**TASK ITEM**
Everything below from the line with "Супер мощна 12" through the line with "形はワイドめのシルエットで脚" must be retyped exactly, except the pictures.

**INPUT MATERIAL**
■ ■ ■ ■ ■

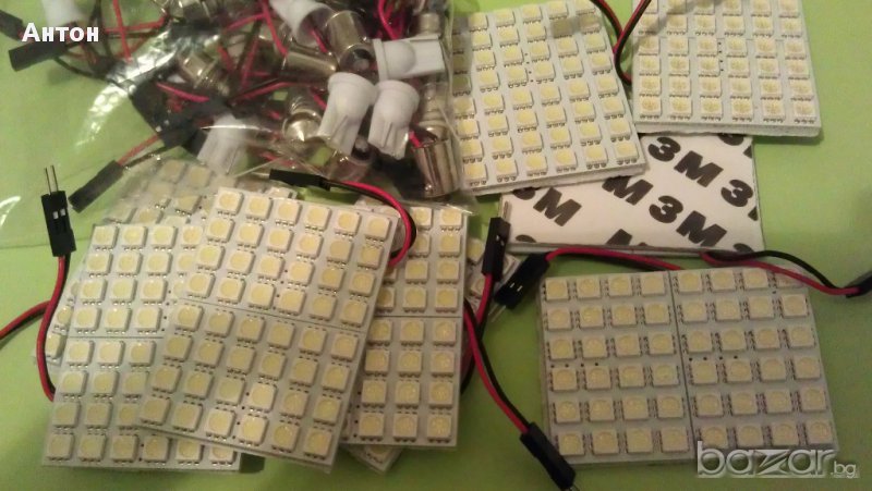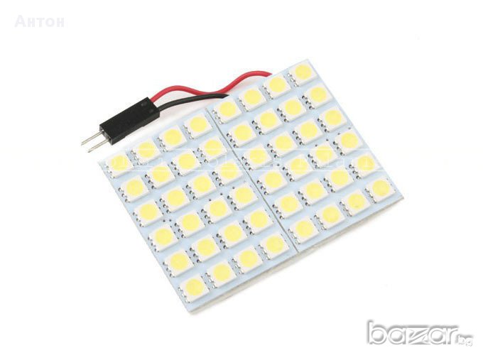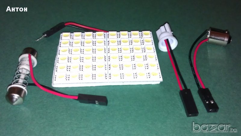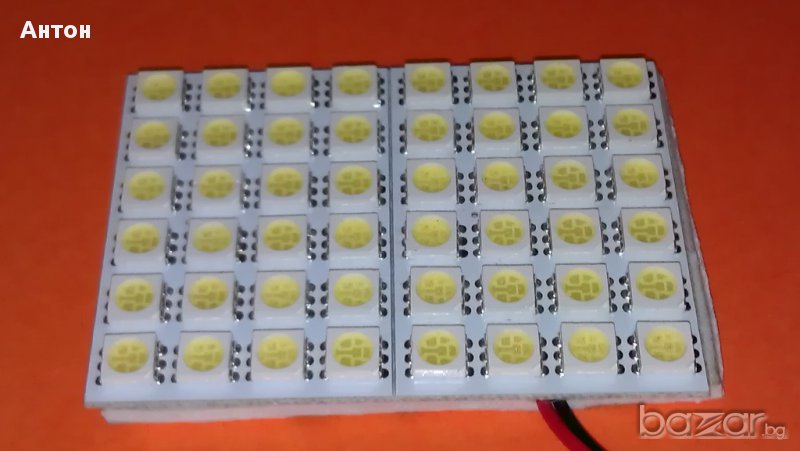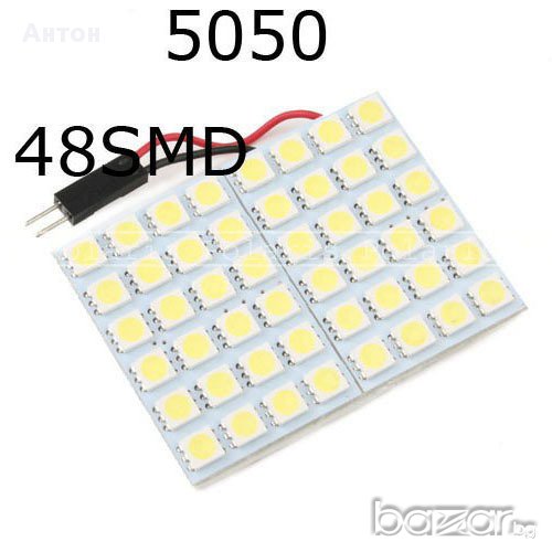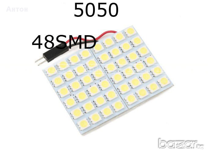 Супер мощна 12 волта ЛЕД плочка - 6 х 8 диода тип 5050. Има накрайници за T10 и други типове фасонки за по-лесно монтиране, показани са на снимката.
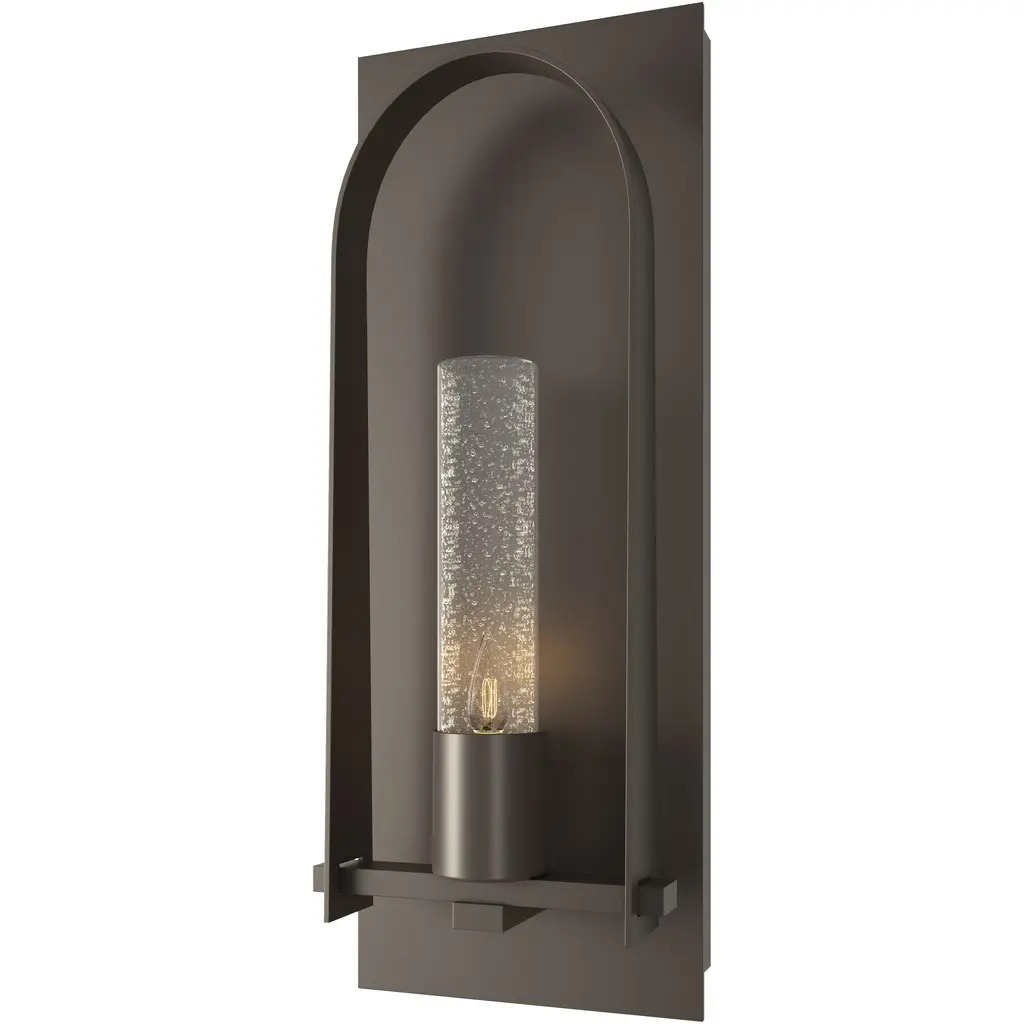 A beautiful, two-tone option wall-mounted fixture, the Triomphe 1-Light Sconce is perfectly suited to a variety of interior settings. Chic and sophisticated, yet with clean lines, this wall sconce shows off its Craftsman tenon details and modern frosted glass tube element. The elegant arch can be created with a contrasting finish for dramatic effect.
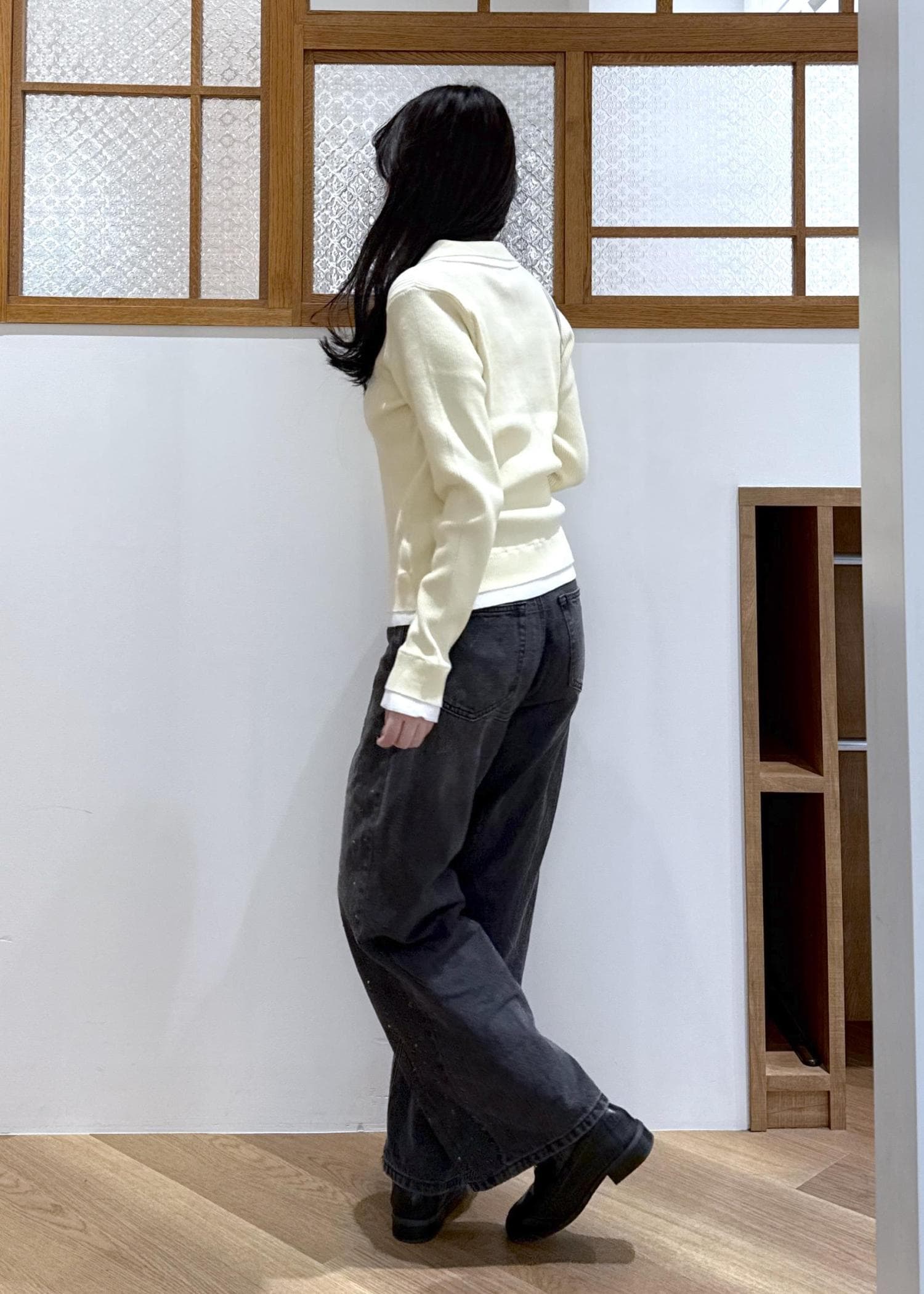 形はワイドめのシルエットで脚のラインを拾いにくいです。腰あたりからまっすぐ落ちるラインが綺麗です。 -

■ ■ ■ ■ ■

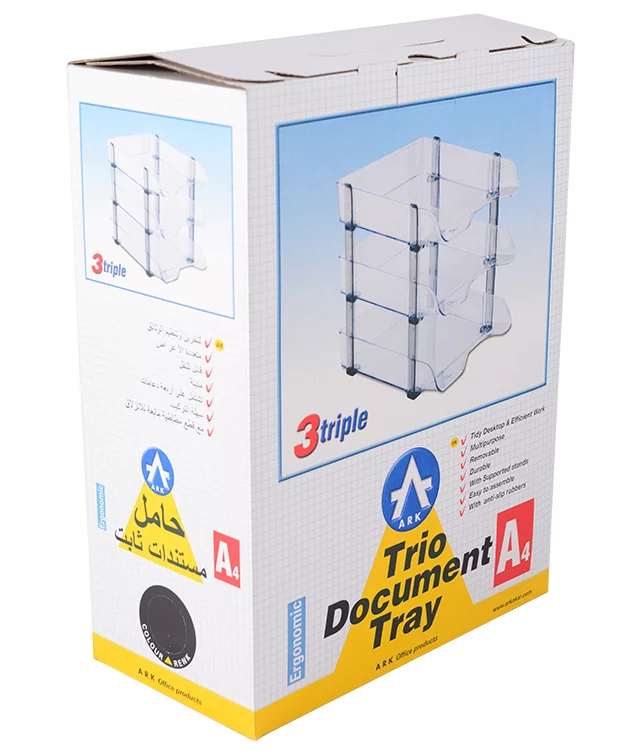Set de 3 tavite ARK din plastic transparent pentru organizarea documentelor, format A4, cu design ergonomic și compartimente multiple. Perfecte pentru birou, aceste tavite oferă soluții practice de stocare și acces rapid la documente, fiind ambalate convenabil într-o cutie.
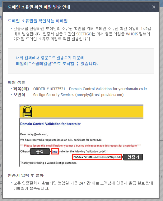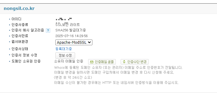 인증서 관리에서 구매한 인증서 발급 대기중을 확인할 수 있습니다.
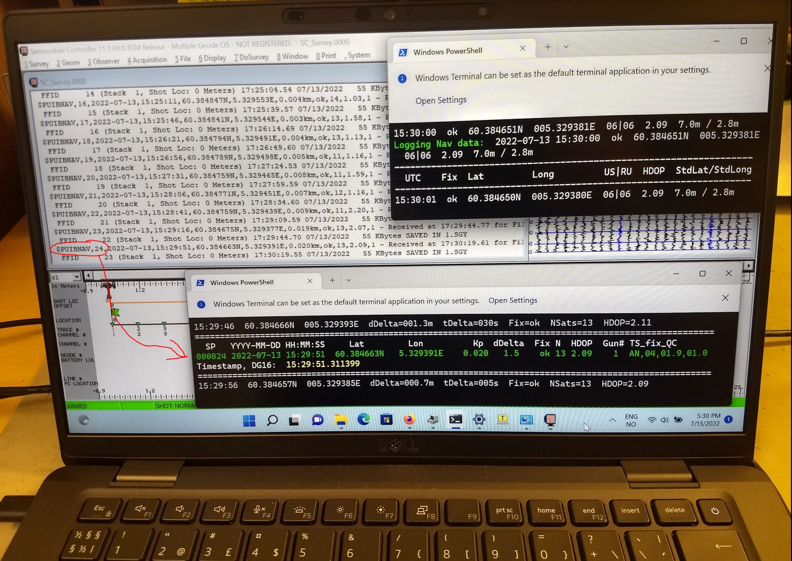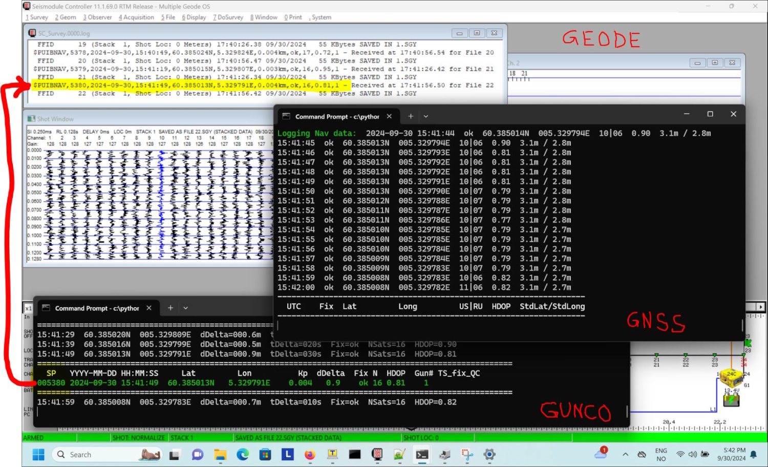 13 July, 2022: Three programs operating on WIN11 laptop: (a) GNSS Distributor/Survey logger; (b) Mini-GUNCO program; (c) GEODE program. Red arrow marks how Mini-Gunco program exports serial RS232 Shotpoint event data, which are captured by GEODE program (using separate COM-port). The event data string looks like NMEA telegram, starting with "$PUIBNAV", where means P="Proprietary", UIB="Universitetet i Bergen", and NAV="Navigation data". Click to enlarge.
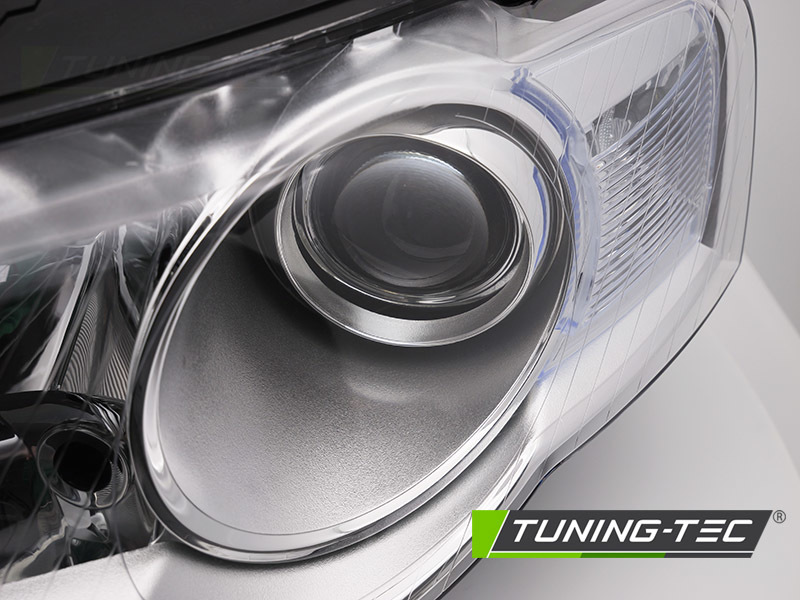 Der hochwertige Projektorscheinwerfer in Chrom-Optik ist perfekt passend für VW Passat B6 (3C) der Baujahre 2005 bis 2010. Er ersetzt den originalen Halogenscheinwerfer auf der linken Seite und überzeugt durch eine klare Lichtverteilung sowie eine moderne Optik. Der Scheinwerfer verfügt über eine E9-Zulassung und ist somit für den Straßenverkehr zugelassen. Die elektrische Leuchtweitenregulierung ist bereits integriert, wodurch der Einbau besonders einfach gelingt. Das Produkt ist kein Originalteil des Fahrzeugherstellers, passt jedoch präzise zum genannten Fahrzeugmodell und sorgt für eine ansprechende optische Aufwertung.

■ ■ ■ ■ ■

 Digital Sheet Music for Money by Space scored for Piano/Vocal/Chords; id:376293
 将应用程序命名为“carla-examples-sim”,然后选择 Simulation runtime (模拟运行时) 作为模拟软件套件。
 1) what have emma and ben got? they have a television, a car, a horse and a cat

■ ■ ■ ■ ■

**REPLY**
 Супер мощна 12 волта ЛЕД плочка - 6 х 8 диода тип 5050. Има накрайници за T10 и други типове фасонки за по-лесно монтиране, показани са на снимката.
 A beautiful, two-tone option wall-mounted fixture, the Triomphe 1-Light Sconce is perfectly suited to a variety of interior settings. Chic and sophisticated, yet with clean lines, this wall sconce shows off its Craftsman tenon details and modern frosted glass tube element. The elegant arch can be created with a contrasting finish for dramatic effect.
 形はワイドめのシルエットで脚のラインを拾いにくいです。腰あたりからまっすぐ落ちるラインが綺麗です。 -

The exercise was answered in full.